Exercise data START

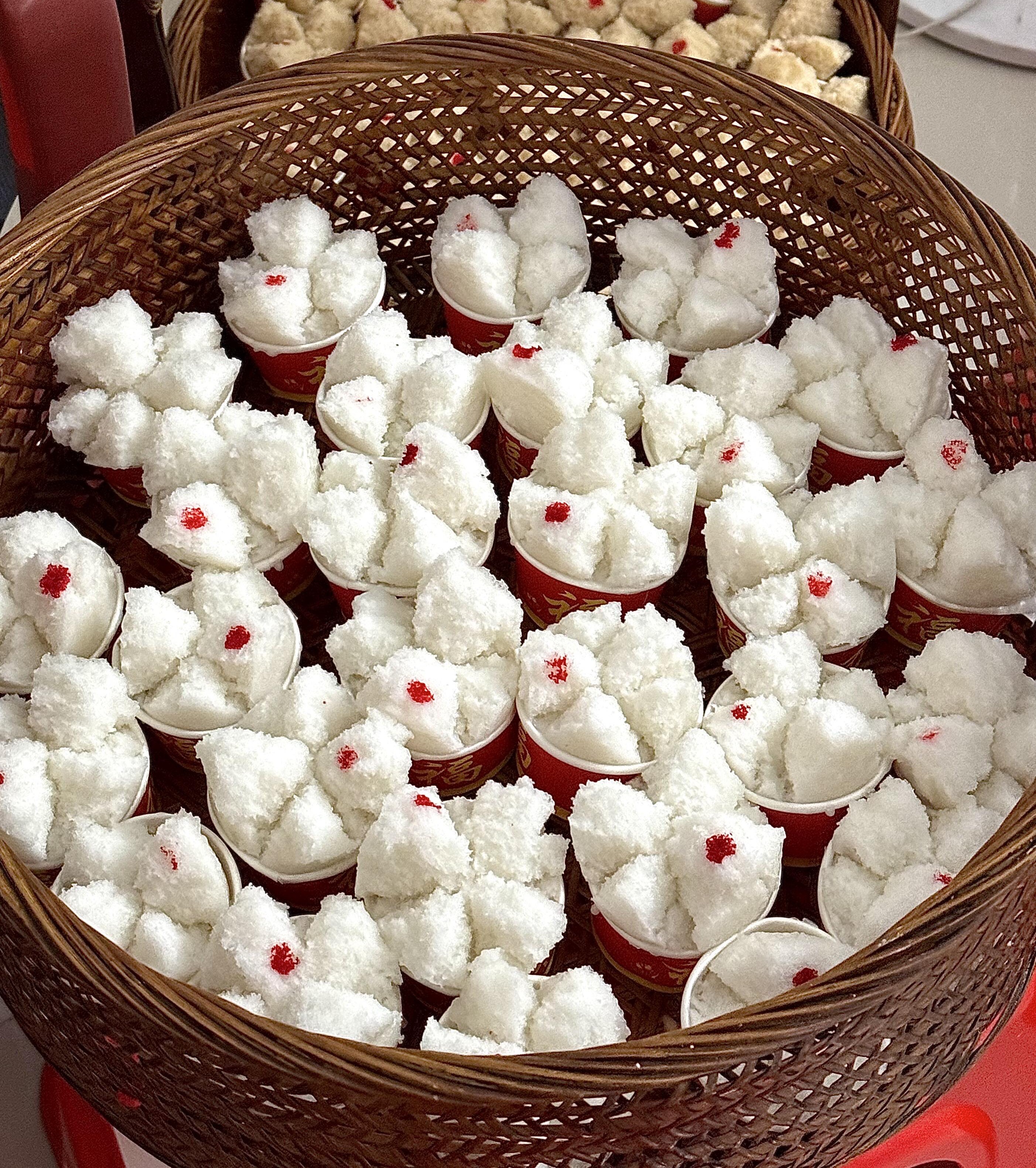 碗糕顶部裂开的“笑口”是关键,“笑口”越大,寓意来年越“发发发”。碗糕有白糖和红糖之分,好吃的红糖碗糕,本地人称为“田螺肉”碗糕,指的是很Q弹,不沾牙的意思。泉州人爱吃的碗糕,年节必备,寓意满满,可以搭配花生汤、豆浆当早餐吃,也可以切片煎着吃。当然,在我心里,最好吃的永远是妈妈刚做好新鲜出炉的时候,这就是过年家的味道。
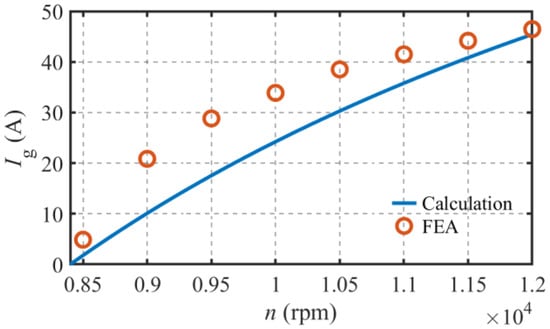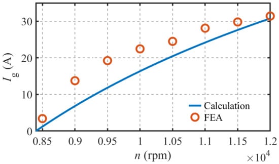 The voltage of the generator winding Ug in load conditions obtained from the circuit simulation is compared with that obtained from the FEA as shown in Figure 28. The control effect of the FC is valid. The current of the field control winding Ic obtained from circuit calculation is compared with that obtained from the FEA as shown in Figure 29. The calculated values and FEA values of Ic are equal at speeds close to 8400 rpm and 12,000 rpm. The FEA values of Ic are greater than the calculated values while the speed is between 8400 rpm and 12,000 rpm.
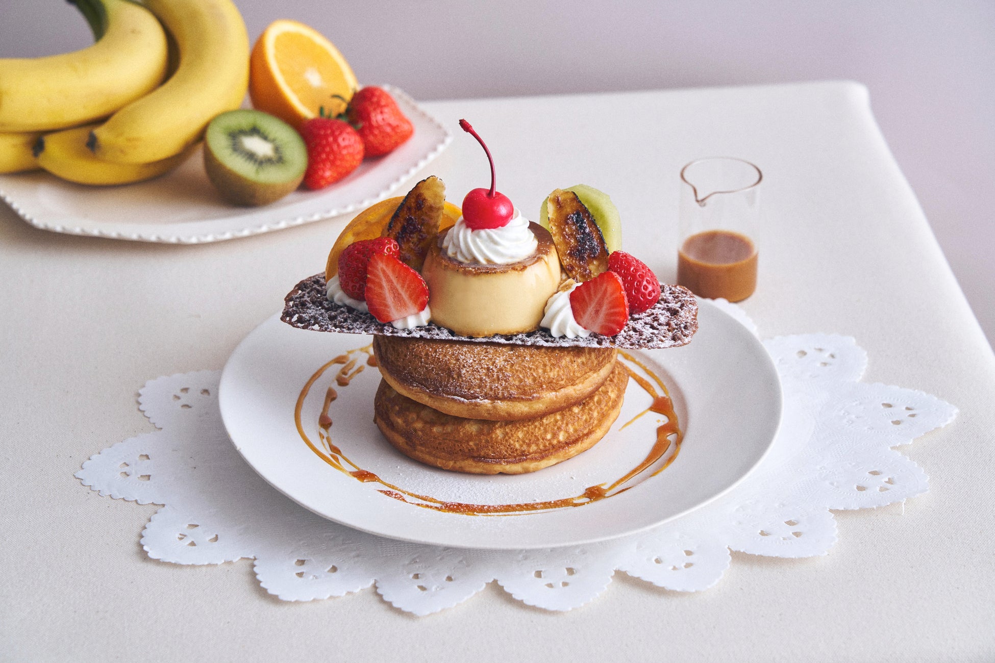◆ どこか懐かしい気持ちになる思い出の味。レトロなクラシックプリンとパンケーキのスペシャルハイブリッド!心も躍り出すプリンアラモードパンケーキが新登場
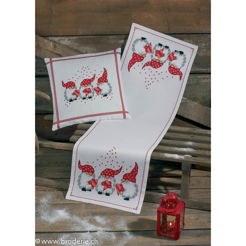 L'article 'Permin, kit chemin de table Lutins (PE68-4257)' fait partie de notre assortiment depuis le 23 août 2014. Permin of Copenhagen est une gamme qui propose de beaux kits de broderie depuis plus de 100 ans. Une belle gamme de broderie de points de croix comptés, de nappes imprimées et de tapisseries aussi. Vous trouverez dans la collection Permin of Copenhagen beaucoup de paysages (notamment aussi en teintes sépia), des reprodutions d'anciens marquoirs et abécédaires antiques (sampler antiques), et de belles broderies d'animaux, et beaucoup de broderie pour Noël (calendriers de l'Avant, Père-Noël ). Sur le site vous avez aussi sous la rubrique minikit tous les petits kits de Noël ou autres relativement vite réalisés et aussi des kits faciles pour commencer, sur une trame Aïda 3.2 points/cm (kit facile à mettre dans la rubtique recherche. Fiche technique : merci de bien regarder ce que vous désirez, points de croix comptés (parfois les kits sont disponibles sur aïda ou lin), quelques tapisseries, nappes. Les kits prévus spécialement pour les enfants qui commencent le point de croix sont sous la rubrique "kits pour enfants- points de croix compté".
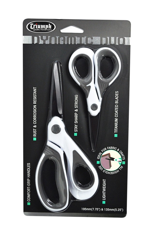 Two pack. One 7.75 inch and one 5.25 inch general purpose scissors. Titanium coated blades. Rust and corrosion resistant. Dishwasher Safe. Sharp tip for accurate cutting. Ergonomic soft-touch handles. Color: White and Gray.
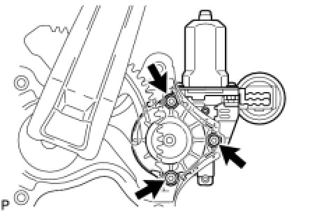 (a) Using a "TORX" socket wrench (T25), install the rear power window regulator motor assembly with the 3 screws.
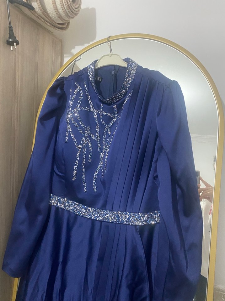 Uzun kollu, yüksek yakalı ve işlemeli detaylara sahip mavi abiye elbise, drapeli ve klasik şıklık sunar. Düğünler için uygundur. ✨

Exercise data END

◆ Instructions to follow
Each line of the data above must be reproduced as written. Skip the pictures.

◆ Task output
 碗糕顶部裂开的“笑口”是关键,“笑口”越大,寓意来年越“发发发”。碗糕有白糖和红糖之分,好吃的红糖碗糕,本地人称为“田螺肉”碗糕,指的是很Q弹,不沾牙的意思。泉州人爱吃的碗糕,年节必备,寓意满满,可以搭配花生汤、豆浆当早餐吃,也可以切片煎着吃。当然,在我心里,最好吃的永远是妈妈刚做好新鲜出炉的时候,这就是过年家的味道。
 The voltage of the generator winding Ug in load conditions obtained from the circuit simulation is compared with that obtained from the FEA as shown in Figure 28. The control effect of the FC is valid. The current of the field control winding Ic obtained from circuit calculation is compared with that obtained from the FEA as shown in Figure 29. The calculated values and FEA values of Ic are equal at speeds close to 8400 rpm and 12,000 rpm. The FEA values of Ic are greater than the calculated values while the speed is between 8400 rpm and 12,000 rpm.
◆ どこか懐かしい気持ちになる思い出の味。レトロなクラシックプリンとパンケーキのスペシャルハイブリッド!心も躍り出すプリンアラモードパンケーキが新登場
 L'article 'Permin, kit chemin de table Lutins (PE68-4257)' fait partie de notre assortiment depuis le 23 août 2014. Permin of Copenhagen est une gamme qui propose de beaux kits de broderie depuis plus de 100 ans. Une belle gamme de broderie de points de croix comptés, de nappes imprimées et de tapisseries aussi. Vous trouverez dans la collection Permin of Copenhagen beaucoup de paysages (notamment aussi en teintes sépia), des reprodutions d'anciens marquoirs et abécédaires antiques (sampler antiques), et de belles broderies d'animaux, et beaucoup de broderie pour Noël (calendriers de l'Avant, Père-Noël ). Sur le site vous avez aussi sous la rubrique minikit tous les petits kits de Noël ou autres relativement vite réalisés et aussi des kits faciles pour commencer, sur une trame Aïda 3.2 points/cm (kit facile à mettre dans la rubtique recherche. Fiche technique : merci de bien regarder ce que vous désirez, points de croix comptés (parfois les kits sont disponibles sur aïda ou lin), quelques tapisseries, nappes. Les kits prévus spécialement pour les enfants qui commencent le point de croix sont sous la rubrique "kits pour enfants- points de croix compté".
 Two pack. One 7.75 inch and one 5.25 inch general purpose scissors. Titanium coated blades. Rust and corrosion resistant. Dishwasher Safe. Sharp tip for accurate cutting. Ergonomic soft-touch handles. Color: White and Gray.
 (a) Using a "TORX" socket wrench (T25), install the rear power window regulator motor assembly with the 3 screws.
 Uzun kollu, yüksek yakalı ve işlemeli detaylara sahip mavi abiye elbise, drapeli ve klasik şıklık sunar. Düğünler için uygundur. ✨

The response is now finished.